Lets say I build an xgboost model:

bst = xgb.train(param0, dtrain1, num_round, evals=[(dtrain, "training")])

Where:

  • param0 is a set of params to xgb,
  • dtrain1 is a DMatrix ready to be trained
  • num_round is the number of rounds

Then, I save the model to disk:

bst.save_model("xgbmodel")

Later on, I want to reload the model I saved and continue training it with dtrain2

Does anyone have an idea how to do it?

Eran Moshe
  • 3,062
  • 2
  • 22
  • 41

2 Answers2

19

You don't even have to manually load the model from the disk and retrain.

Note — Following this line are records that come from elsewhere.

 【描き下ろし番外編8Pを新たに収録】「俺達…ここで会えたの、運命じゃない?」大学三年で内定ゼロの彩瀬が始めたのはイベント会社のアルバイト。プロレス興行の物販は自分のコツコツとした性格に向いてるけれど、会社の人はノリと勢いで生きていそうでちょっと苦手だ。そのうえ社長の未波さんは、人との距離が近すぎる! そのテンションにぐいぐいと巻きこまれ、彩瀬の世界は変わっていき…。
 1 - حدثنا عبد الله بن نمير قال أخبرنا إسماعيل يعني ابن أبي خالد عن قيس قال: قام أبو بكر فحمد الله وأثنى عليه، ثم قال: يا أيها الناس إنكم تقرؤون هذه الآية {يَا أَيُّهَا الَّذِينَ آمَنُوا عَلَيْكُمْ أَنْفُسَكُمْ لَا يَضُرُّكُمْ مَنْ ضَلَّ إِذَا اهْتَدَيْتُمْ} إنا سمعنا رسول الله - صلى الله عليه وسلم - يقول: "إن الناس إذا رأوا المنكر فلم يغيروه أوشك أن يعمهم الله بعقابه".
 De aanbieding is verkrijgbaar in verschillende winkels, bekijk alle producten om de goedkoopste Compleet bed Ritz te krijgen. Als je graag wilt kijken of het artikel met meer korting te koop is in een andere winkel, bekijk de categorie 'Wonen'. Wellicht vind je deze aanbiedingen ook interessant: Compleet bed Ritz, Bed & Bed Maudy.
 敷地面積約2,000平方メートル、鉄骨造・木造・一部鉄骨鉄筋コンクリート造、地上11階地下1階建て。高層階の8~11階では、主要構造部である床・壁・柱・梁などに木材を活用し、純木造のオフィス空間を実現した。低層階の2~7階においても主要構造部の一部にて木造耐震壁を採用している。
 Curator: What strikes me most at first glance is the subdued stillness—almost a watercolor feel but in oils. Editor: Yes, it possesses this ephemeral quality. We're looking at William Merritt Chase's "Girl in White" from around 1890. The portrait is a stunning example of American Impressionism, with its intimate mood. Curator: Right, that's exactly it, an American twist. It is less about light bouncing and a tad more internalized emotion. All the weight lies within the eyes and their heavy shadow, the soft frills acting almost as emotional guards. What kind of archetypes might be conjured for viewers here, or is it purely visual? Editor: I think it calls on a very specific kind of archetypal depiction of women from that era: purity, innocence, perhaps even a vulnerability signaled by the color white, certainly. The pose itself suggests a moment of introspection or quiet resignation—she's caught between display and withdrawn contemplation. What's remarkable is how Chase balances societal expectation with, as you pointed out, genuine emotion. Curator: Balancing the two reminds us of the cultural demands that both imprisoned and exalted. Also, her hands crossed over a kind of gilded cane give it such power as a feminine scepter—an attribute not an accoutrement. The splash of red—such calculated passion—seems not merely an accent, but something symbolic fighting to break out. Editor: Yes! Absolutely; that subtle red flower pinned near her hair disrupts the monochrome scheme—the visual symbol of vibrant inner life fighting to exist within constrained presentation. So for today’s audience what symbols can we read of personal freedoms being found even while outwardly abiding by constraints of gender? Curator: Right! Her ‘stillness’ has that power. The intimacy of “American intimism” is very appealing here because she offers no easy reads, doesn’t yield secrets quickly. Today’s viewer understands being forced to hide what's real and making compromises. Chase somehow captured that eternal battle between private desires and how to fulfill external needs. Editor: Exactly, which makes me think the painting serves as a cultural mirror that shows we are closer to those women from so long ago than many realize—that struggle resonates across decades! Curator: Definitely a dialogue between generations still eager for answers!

All you need to do is the same xgb.train command with additional parameter: xgb_model= (either xgboost model full path name you've saved like in the question or a Booster object).

Example:

bst = xgb.train(param0, dtrain2, num_round, evals=[(dtrain, "training")], xgb_model='xgbmodel')

Good luck!

Eran Moshe
  • 3,062
  • 2
  • 22
  • 41
3

For users who are looking to continue training with XGBClassifier or object obtained from .fit function of sklearn.

from xgboost import XGBClassifier

# best_est = best number of tree
# best_lr = best learning days
# best_subsample = best subsample bw 0 and 1

params = {'objective': 'binary:logistic', 'use_label_encoder': False, 
          'seed': 27, 'eval_metric': 'logloss', 'n_estimators': best_est, 
          'learning_rate': best_lr, 'subsample': best_subsample}

# train iteration 1  below

model = XGBClassifier(**params)
model.fit(x_train_1, y_train_1)

# train iteration 2 below

model = model.fit(x_train_2, y_train_2, xgb_model=model.get_booster())

In the above code x_train_*, y_train_* are the object of pandas DataFrame type.

The main concept to learn here is, xgb core functions while retraining always takes the booster as input. So one can either provide the booster from model object or the saved model path.

MSS
  • 101
  • 3
  • 8